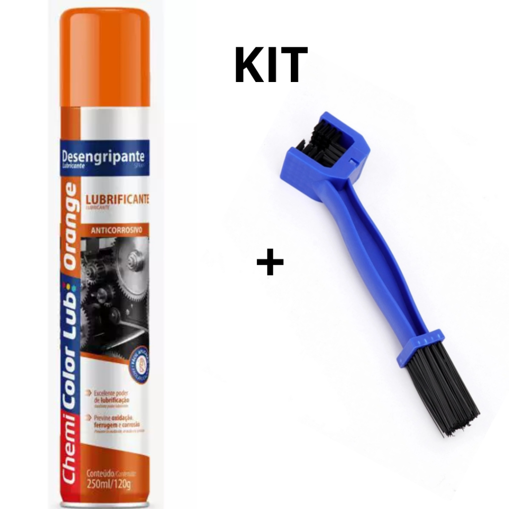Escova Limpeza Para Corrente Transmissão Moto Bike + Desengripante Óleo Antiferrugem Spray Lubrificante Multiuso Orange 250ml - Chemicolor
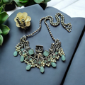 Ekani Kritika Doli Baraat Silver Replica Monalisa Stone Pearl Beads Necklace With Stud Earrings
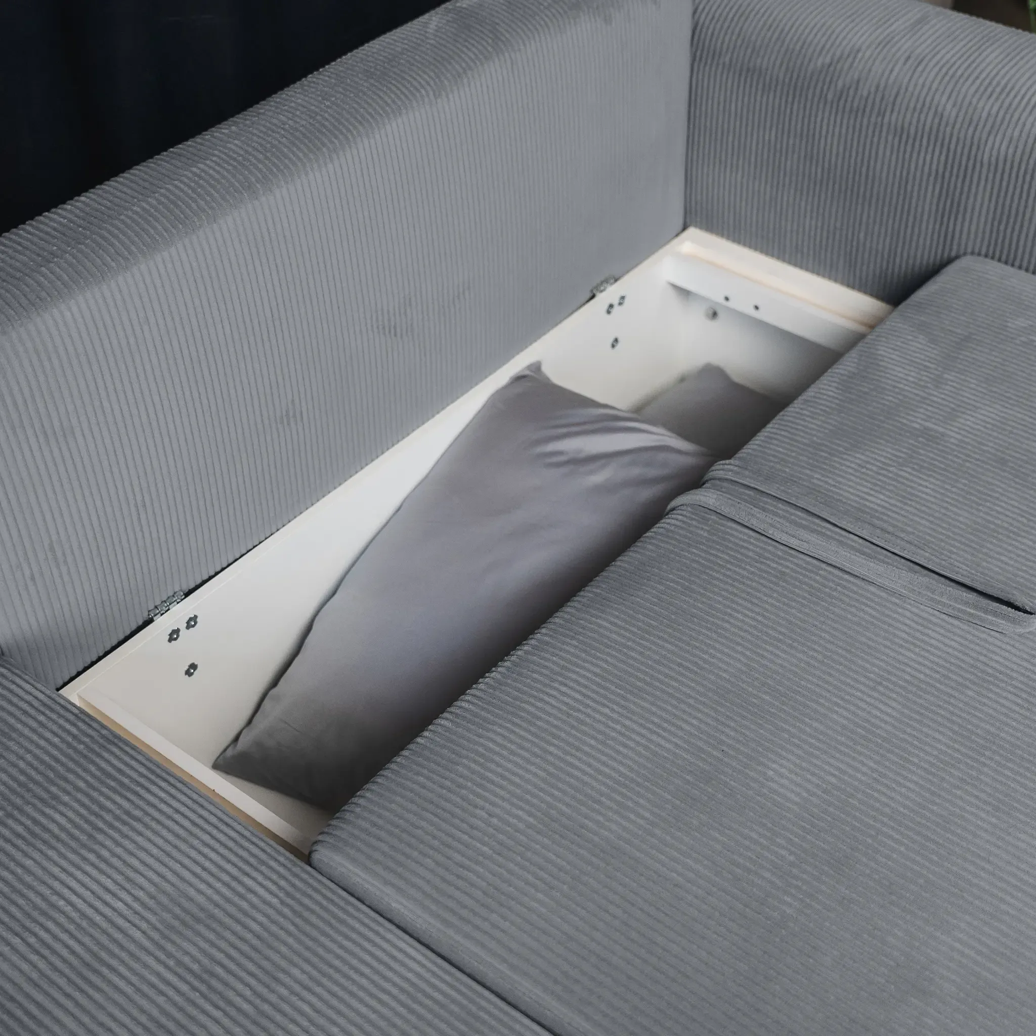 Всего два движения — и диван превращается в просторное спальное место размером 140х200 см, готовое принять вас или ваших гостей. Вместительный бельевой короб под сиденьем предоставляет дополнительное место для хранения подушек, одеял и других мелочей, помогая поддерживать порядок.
==
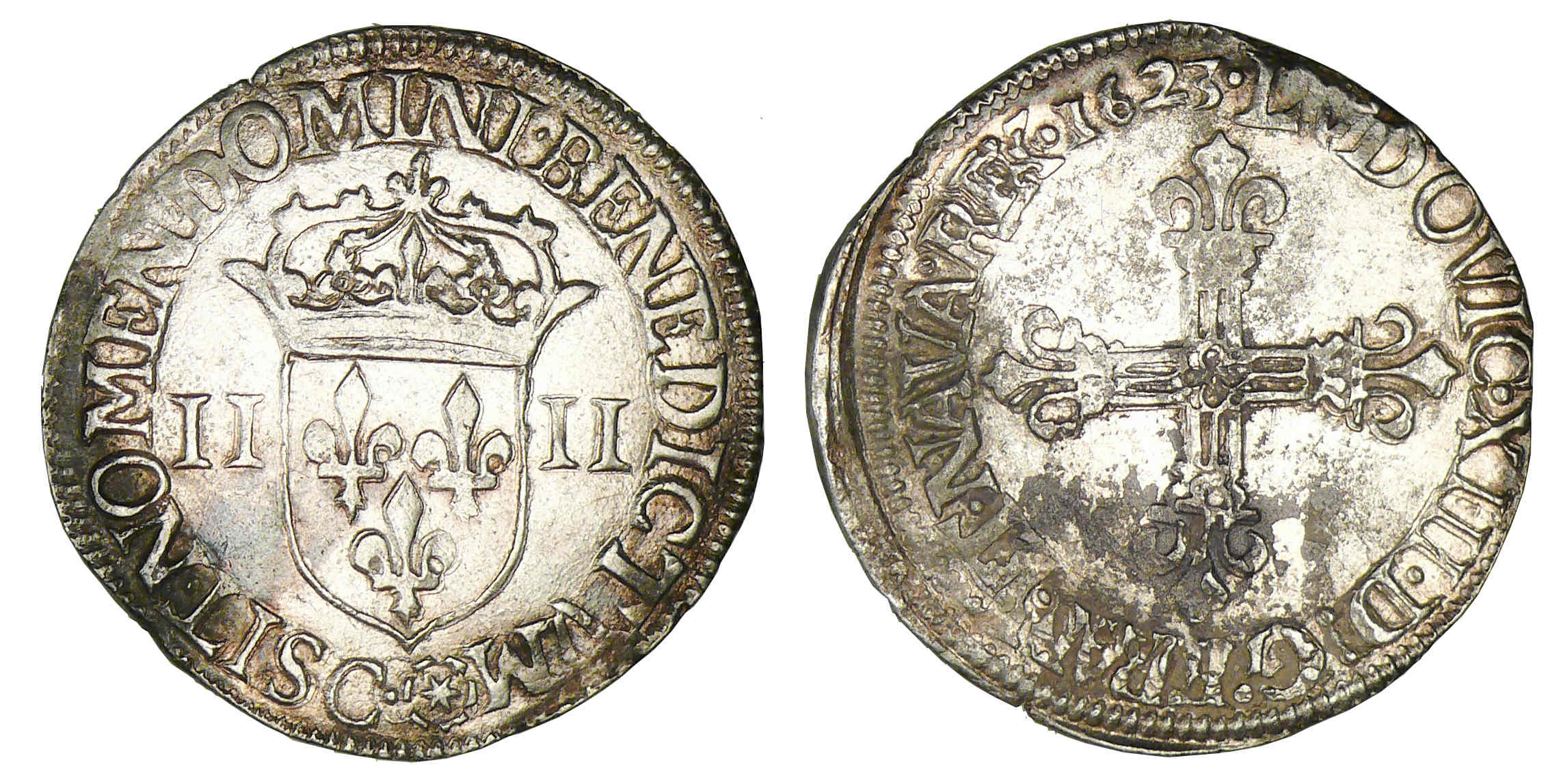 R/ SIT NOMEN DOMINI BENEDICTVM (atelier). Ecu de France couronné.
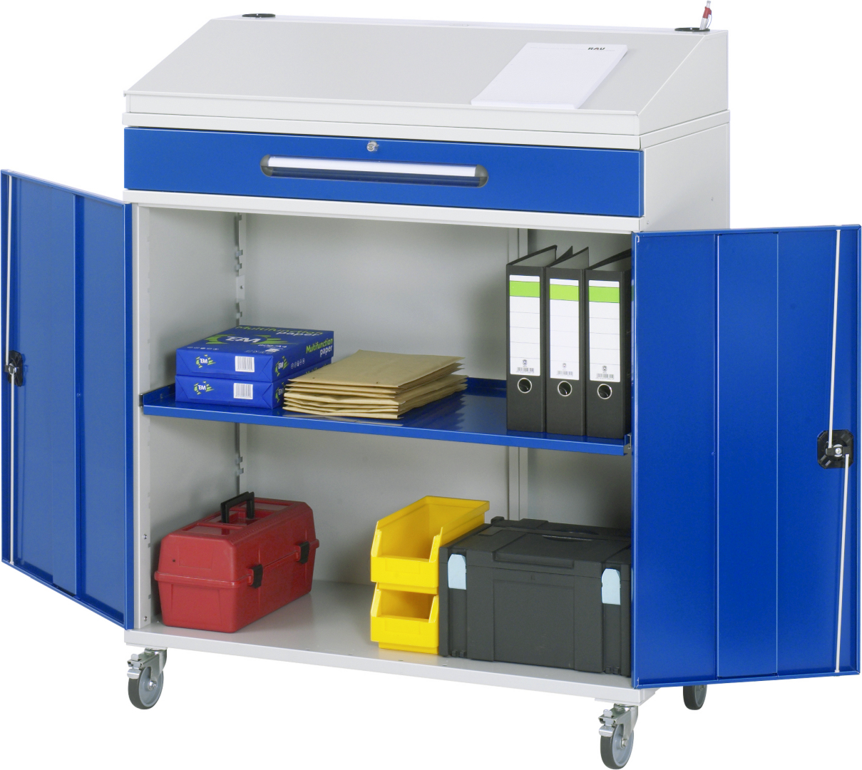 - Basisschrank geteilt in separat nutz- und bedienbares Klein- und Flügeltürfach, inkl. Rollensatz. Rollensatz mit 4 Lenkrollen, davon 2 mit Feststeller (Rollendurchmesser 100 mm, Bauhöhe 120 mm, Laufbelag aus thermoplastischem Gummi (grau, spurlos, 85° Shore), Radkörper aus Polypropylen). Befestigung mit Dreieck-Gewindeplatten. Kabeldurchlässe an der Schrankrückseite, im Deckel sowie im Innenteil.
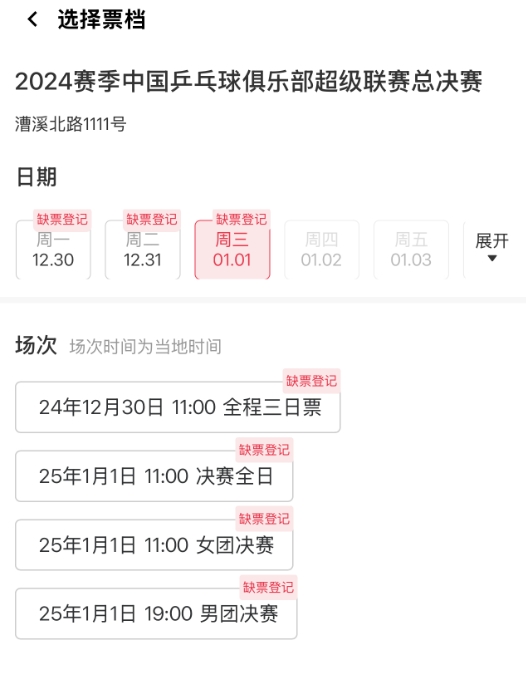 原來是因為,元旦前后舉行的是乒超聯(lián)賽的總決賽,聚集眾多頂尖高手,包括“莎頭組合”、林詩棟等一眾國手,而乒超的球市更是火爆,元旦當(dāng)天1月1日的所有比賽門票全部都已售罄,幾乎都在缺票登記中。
--
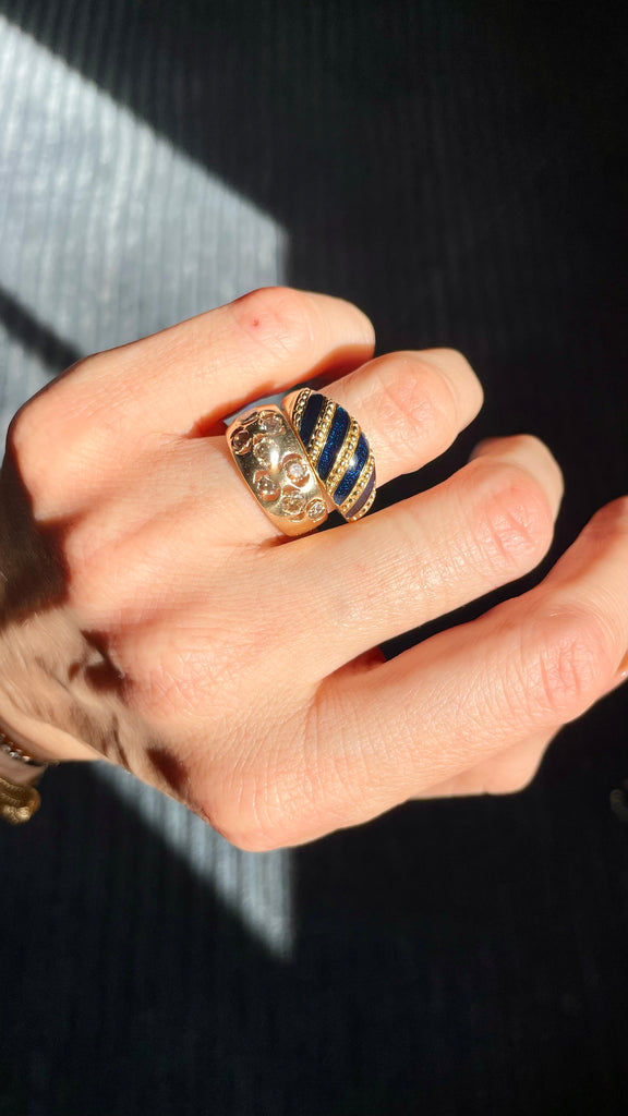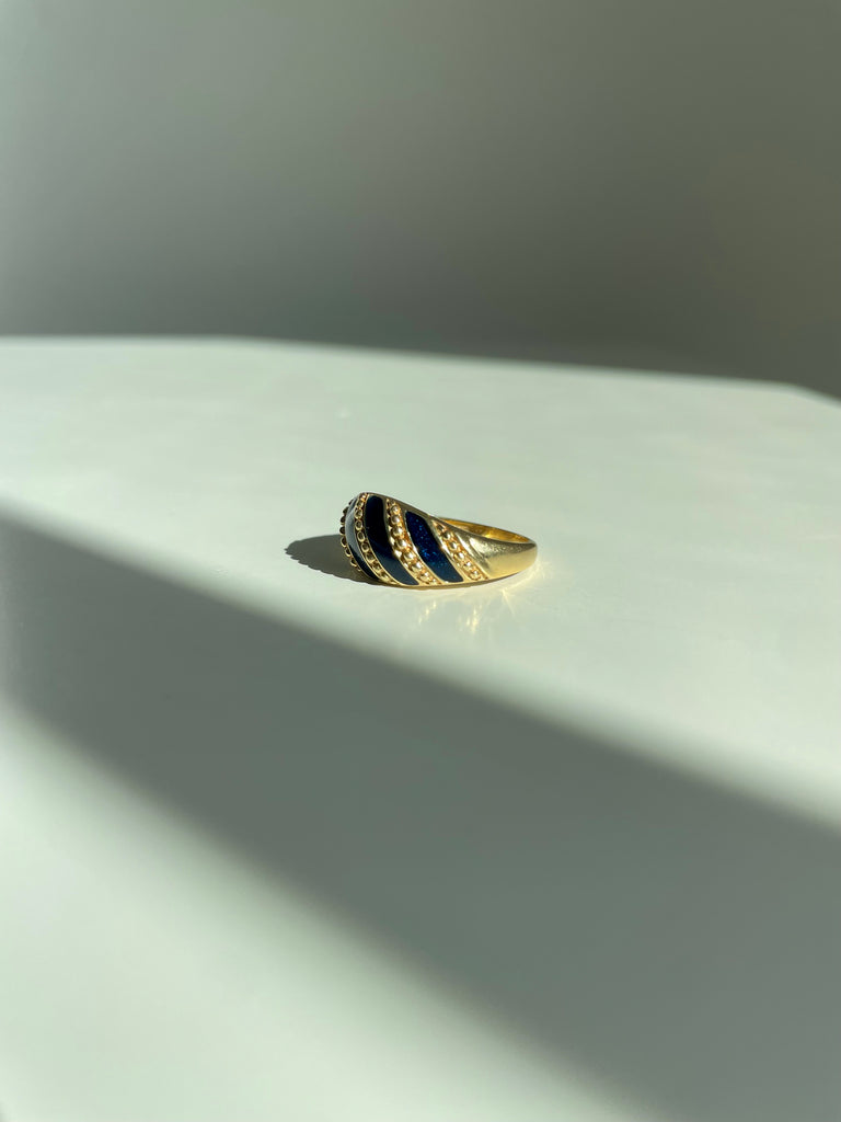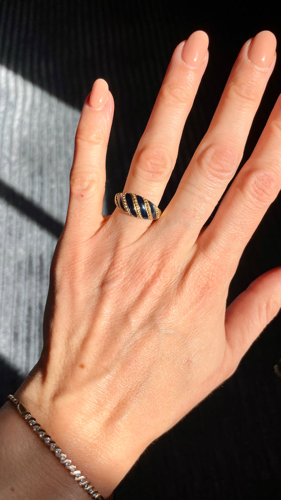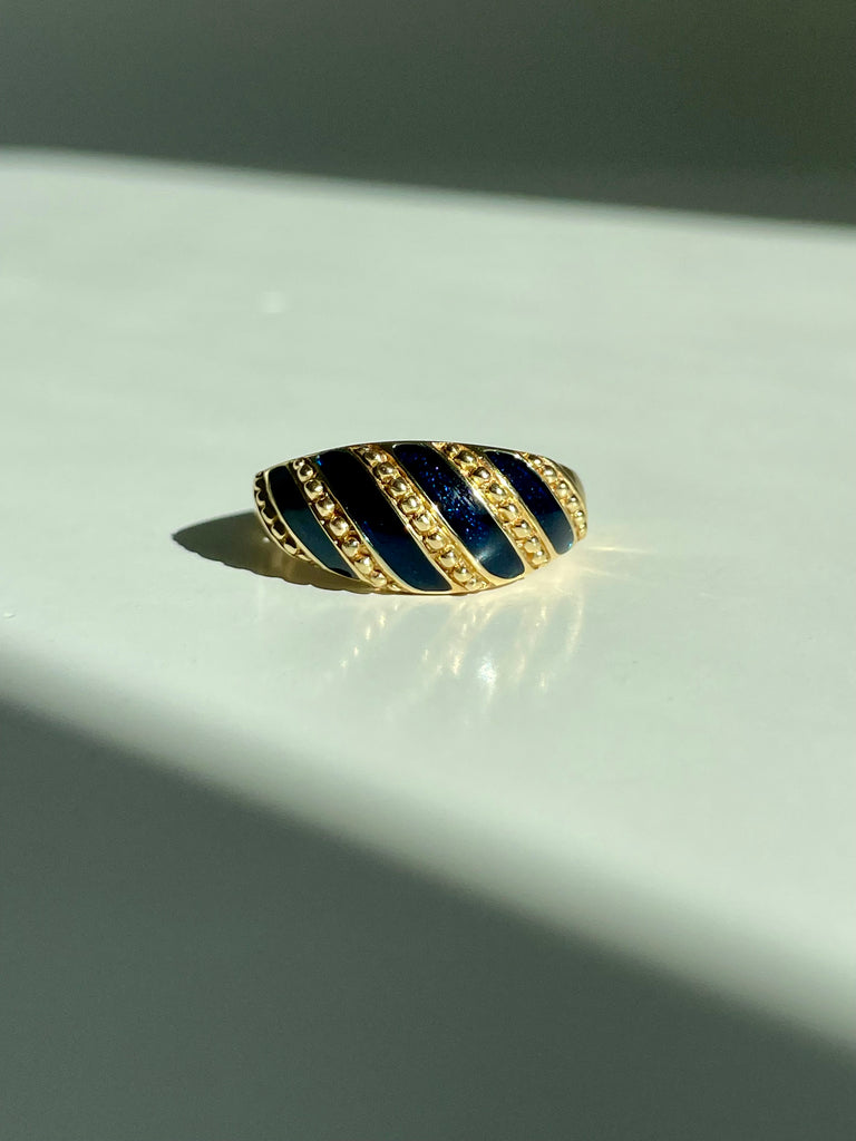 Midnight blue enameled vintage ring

> [Description of the task]:
Every line above in the stretch from the one with "R/ SIT NOMEN" through the one with "- Basisschrank geteilt" is to be transcribed exactly, ends included. No picture is copied.

> [Task response]:
 R/ SIT NOMEN DOMINI BENEDICTVM (atelier). Ecu de France couronné.
 - Basisschrank geteilt in separat nutz- und bedienbares Klein- und Flügeltürfach, inkl. Rollensatz. Rollensatz mit 4 Lenkrollen, davon 2 mit Feststeller (Rollendurchmesser 100 mm, Bauhöhe 120 mm, Laufbelag aus thermoplastischem Gummi (grau, spurlos, 85° Shore), Radkörper aus Polypropylen). Befestigung mit Dreieck-Gewindeplatten. Kabeldurchlässe an der Schrankrückseite, im Deckel sowie im Innenteil.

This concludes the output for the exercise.